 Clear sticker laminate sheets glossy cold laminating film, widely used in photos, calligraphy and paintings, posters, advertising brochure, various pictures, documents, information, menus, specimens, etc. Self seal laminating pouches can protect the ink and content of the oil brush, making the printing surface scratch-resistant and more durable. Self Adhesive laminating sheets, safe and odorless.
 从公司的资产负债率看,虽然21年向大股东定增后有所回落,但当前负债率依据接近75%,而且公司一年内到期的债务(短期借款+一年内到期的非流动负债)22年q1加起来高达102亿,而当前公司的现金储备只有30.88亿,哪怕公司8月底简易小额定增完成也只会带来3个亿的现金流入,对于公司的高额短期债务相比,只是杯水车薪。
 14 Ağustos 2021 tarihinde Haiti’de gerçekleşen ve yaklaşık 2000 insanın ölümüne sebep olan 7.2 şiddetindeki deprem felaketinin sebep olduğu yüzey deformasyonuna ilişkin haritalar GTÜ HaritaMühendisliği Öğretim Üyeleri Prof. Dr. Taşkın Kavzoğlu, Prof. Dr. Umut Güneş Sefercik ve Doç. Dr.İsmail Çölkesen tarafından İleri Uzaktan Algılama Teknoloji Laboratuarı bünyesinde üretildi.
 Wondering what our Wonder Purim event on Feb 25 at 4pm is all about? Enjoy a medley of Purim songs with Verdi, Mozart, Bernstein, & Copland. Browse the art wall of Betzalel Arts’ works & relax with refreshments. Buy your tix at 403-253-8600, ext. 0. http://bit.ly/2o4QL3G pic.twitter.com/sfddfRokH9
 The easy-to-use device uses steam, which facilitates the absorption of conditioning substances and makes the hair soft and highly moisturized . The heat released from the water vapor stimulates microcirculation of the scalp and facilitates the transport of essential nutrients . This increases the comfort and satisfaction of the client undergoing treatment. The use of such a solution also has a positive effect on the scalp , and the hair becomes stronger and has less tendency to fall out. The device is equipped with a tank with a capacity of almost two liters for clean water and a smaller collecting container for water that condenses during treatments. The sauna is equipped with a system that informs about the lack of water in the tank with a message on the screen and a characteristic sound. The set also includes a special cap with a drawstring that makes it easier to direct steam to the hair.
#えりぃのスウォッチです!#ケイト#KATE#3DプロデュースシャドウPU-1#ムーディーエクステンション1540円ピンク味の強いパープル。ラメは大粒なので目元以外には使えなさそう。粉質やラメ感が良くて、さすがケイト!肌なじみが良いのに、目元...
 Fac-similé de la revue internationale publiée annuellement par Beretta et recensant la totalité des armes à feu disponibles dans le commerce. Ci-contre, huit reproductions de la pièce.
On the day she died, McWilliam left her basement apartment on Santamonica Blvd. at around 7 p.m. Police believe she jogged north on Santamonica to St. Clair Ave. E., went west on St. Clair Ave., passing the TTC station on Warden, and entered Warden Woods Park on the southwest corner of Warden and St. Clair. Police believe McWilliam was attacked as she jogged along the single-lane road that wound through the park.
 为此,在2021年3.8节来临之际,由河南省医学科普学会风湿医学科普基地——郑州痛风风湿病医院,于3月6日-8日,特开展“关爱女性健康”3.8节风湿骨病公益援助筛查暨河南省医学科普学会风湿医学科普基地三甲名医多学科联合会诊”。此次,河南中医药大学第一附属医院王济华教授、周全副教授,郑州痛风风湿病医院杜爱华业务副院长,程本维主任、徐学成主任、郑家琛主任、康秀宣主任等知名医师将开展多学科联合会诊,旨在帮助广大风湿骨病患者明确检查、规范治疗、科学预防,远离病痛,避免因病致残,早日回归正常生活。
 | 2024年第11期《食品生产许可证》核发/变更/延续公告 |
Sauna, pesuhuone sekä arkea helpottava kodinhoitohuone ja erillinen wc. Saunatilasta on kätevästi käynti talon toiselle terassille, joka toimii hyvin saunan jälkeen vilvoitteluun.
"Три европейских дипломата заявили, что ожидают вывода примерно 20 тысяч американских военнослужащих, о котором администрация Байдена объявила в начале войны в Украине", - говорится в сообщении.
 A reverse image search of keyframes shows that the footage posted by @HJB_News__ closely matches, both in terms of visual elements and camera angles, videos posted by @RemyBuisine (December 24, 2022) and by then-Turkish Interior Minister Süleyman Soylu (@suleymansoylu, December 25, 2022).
__________
WORK ORDER> Would you copy out all of the entries exactly?

TASK SOLUTION>
 Clear sticker laminate sheets glossy cold laminating film, widely used in photos, calligraphy and paintings, posters, advertising brochure, various pictures, documents, information, menus, specimens, etc. Self seal laminating pouches can protect the ink and content of the oil brush, making the printing surface scratch-resistant and more durable. Self Adhesive laminating sheets, safe and odorless.
 从公司的资产负债率看,虽然21年向大股东定增后有所回落,但当前负债率依据接近75%,而且公司一年内到期的债务(短期借款+一年内到期的非流动负债)22年q1加起来高达102亿,而当前公司的现金储备只有30.88亿,哪怕公司8月底简易小额定增完成也只会带来3个亿的现金流入,对于公司的高额短期债务相比,只是杯水车薪。
 14 Ağustos 2021 tarihinde Haiti’de gerçekleşen ve yaklaşık 2000 insanın ölümüne sebep olan 7.2 şiddetindeki deprem felaketinin sebep olduğu yüzey deformasyonuna ilişkin haritalar GTÜ HaritaMühendisliği Öğretim Üyeleri Prof. Dr. Taşkın Kavzoğlu, Prof. Dr. Umut Güneş Sefercik ve Doç. Dr.İsmail Çölkesen tarafından İleri Uzaktan Algılama Teknoloji Laboratuarı bünyesinde üretildi.
 Wondering what our Wonder Purim event on Feb 25 at 4pm is all about? Enjoy a medley of Purim songs with Verdi, Mozart, Bernstein, & Copland. Browse the art wall of Betzalel Arts’ works & relax with refreshments. Buy your tix at 403-253-8600, ext. 0. http://bit.ly/2o4QL3G pic.twitter.com/sfddfRokH9
 The easy-to-use device uses steam, which facilitates the absorption of conditioning substances and makes the hair soft and highly moisturized . The heat released from the water vapor stimulates microcirculation of the scalp and facilitates the transport of essential nutrients . This increases the comfort and satisfaction of the client undergoing treatment. The use of such a solution also has a positive effect on the scalp , and the hair becomes stronger and has less tendency to fall out. The device is equipped with a tank with a capacity of almost two liters for clean water and a smaller collecting container for water that condenses during treatments. The sauna is equipped with a system that informs about the lack of water in the tank with a message on the screen and a characteristic sound. The set also includes a special cap with a drawstring that makes it easier to direct steam to the hair.
#えりぃのスウォッチです!#ケイト#KATE#3DプロデュースシャドウPU-1#ムーディーエクステンション1540円ピンク味の強いパープル。ラメは大粒なので目元以外には使えなさそう。粉質やラメ感が良くて、さすがケイト!肌なじみが良いのに、目元...
 Fac-similé de la revue internationale publiée annuellement par Beretta et recensant la totalité des armes à feu disponibles dans le commerce. Ci-contre, huit reproductions de la pièce.
On the day she died, McWilliam left her basement apartment on Santamonica Blvd. at around 7 p.m. Police believe she jogged north on Santamonica to St. Clair Ave. E., went west on St. Clair Ave., passing the TTC station on Warden, and entered Warden Woods Park on the southwest corner of Warden and St. Clair. Police believe McWilliam was attacked as she jogged along the single-lane road that wound through the park.
 为此,在2021年3.8节来临之际,由河南省医学科普学会风湿医学科普基地——郑州痛风风湿病医院,于3月6日-8日,特开展“关爱女性健康”3.8节风湿骨病公益援助筛查暨河南省医学科普学会风湿医学科普基地三甲名医多学科联合会诊”。此次,河南中医药大学第一附属医院王济华教授、周全副教授,郑州痛风风湿病医院杜爱华业务副院长,程本维主任、徐学成主任、郑家琛主任、康秀宣主任等知名医师将开展多学科联合会诊,旨在帮助广大风湿骨病患者明确检查、规范治疗、科学预防,远离病痛,避免因病致残,早日回归正常生活。
 | 2024年第11期《食品生产许可证》核发/变更/延续公告 |
Sauna, pesuhuone sekä arkea helpottava kodinhoitohuone ja erillinen wc. Saunatilasta on kätevästi käynti talon toiselle terassille, joka toimii hyvin saunan jälkeen vilvoitteluun.
"Три европейских дипломата заявили, что ожидают вывода примерно 20 тысяч американских военнослужащих, о котором администрация Байдена объявила в начале войны в Украине", - говорится в сообщении.
 A reverse image search of keyframes shows that the footage posted by @HJB_News__ closely matches, both in terms of visual elements and camera angles, videos posted by @RemyBuisine (December 24, 2022) and by then-Turkish Interior Minister Süleyman Soylu (@suleymansoylu, December 25, 2022).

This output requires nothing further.